My cold heart stopped, and my senses breathed her in.

I had been attacked again by another one of my kind. It was dangerous. I was dangerous, so I stayed away from civilization.

I was fine with staying away, but when my kitten came, nothing could keep me away.

Holding her, touching her, being with her fed me life, gave me a reason to live.

That’s why I was so rash. I ran away from her like a weakling. I was devastated.

She loved another.

As girlish as I sound, I felt as if there was no reason to live.

And there wasn’t.

She was my reason to come back. To come back to my human self. She was the reason I woke up in the morning.

She was my kryptonite.

She could make me, a person who didn’t care about any one anymore, love. She made me smile, laugh, live.

I was so angry, so desperate to make sense of what to do.

I was blinded by it. My vision only saw her…….with another. I ignored everyone and it’s what I regret the most.

I should have stayed strong. I ended up hurting my kitten, again.

It was something I seemed to be doing a lot, and it killed me inside.
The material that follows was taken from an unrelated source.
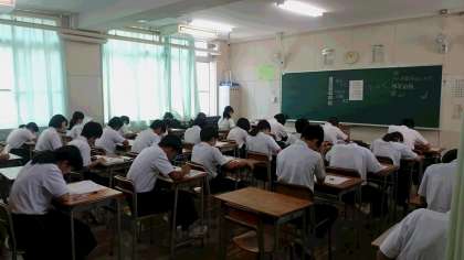 今日、3年生は「第1回実力テスト」を実施しています。日頃、勉強して身につけている力を十分に発揮して頑張ってください。

I decided to start new. I wanted to become like a human again and lose my animosity. It was difficult to do, and I didn’t control it when it came to my kitten’s safety…..or my jealousy.

The day at the mall had my blood boiling even now.

I would have killed them if I could. I would have killed them for looking at my innocent mate with those lustful looks. I would have killed them for tainting my kitten’s life with crude remarks, for embarrassing her.

The look she sent me had me turning, though. She looked up at me with trust. Something that I hadn’t had the privilege of seeing in such a long time.

I couldn’t be the animal I was with her. She shouldn’t see my true self. It would only hurt her more, but I had no choice.

I had to tell her at some point but not now.

For now, I was enjoying love. The stupid, crazy, blissful feeling of knowing she was in my warms. She was mine for now.

Everything second spent with her taught me new things.

She would crinkle her nose when she disagreed with something. She would wring her hands when she was nervous. She would blush whenever I would hold her.